Als zwei Bekannte des Syrers ihn »100-prozentig« auf Aufnahmen aus Überwachungskameras wiedererkannten und sich bei der Polizei meldeten, konnte eine Spezialeinheit den Mann in seiner Wohnung unweit der Tatorte festnehmen.
Aussagebereit - oder doch nicht?
Erst bei der Sichtung seines Mobiltelefons und der Durchsuchung der Wohnung wurden den Ermittlern klar, was hinter dem scheinbar sinnlos anmutenden Blutrausch gesteckt haben dürfte.
Der Angeklagte bestätigte am Montag seine Personalien und schloss eine Einlassung zu den Tatvorwürfen am nächsten Verhandlungstag nicht aus, wenn denn noch ein weiterer Tag geplant sei. Die Frage erstaune ihn, es seien noch 17 weitere Verhandlungstage geplant, antwortete ihm der Vorsitzende Richter Jan van Lessen.
Der Duisburger Verteidiger des Syrers wollte dessen vermeintliche plötzliche Aussagebereitschaft im Anschluss an den Prozessauftakt weder bestätigen noch dementieren. Bislang hat sein Mandant zu den Vorwürfen geschwiegen.
Beweise, die den Angeklagten als Mitglied des IS ausweisen, oder einen Auftrag, die Taten zu begehen, haben die Ermittler nicht finden können. Der IS hatte sich auch nicht zu den Mordanschlägen bekannt.

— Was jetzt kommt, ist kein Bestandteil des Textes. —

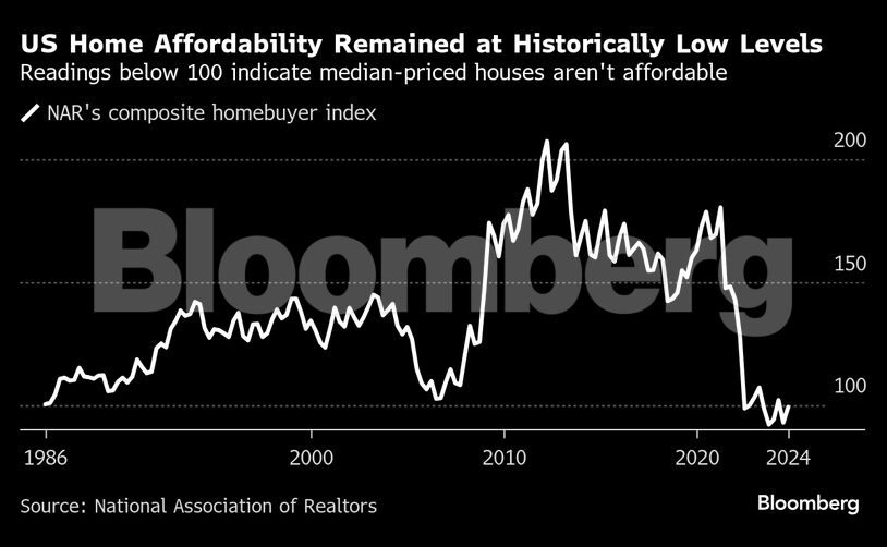 Ενώ οι πωλήσεις έχουν σταθεροποιηθεί κάπως φέτος, παραμένουν κάτω από τα προ-πανδημικά επίπεδα. Στην αγορά μεταπώλησης – η οποία αντιπροσωπεύει την πλειονότητα των αγορών κατοικιών – η Εθνική Ένωση Κτηματομεσιτών των ΗΠΑ αναμένει ότι ο ρυθμός των πωλήσεων του 2024 κυμάνθηκε ακόμη χαμηλότερα από πέρυσι, που ήταν ήδη το χειρότερο έτος από το 1995.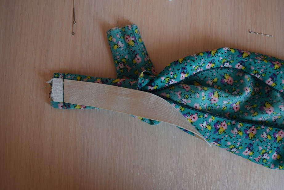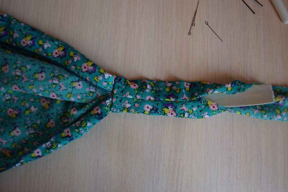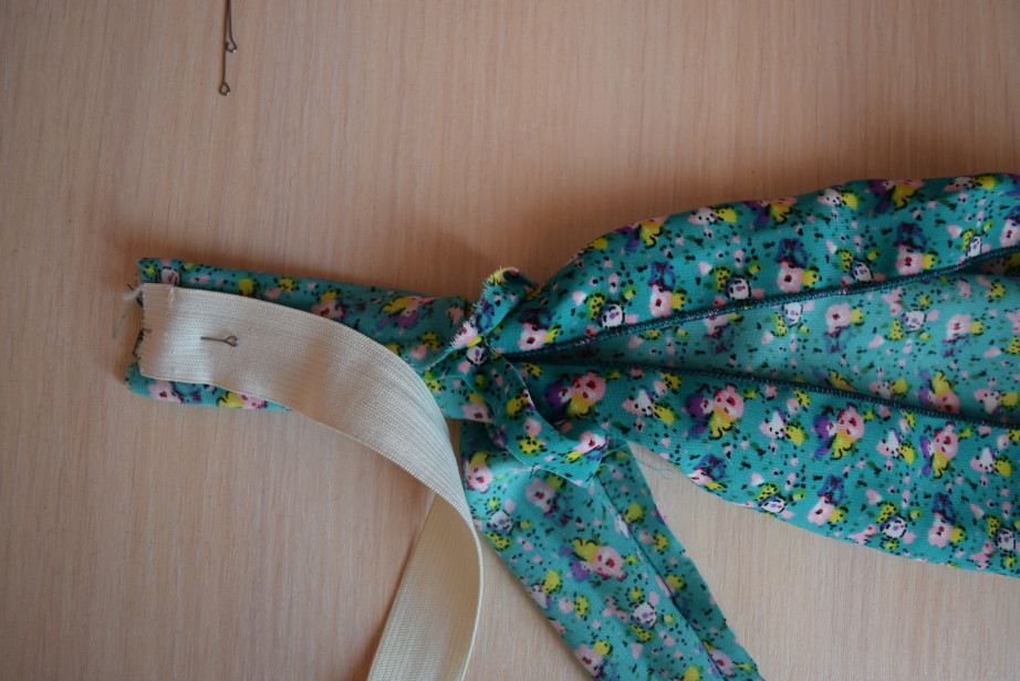 Внутрь полученной заготовки вставляем резинку, под ее размер присобираем ткань. Края резинки и ткани временно скрепляем булавками.

Demnach würde es sich bei ihm um einen sogenannten Einsamen Wolf handeln, der sich über das Internet radikalisiert und auf eigene Faust zur Tat geschritten sein soll. Geheimdienste und Staatsschützer warnen seit Jahren vor diesem Typ Attentäter, weil ihm rechtzeitig kaum beizukommen ist.
Aufgefallen war der Syrer zuvor nur in zwei Fällen wegen kleinerer Vermögensdelikte. Beide Verfahren waren eingestellt worden.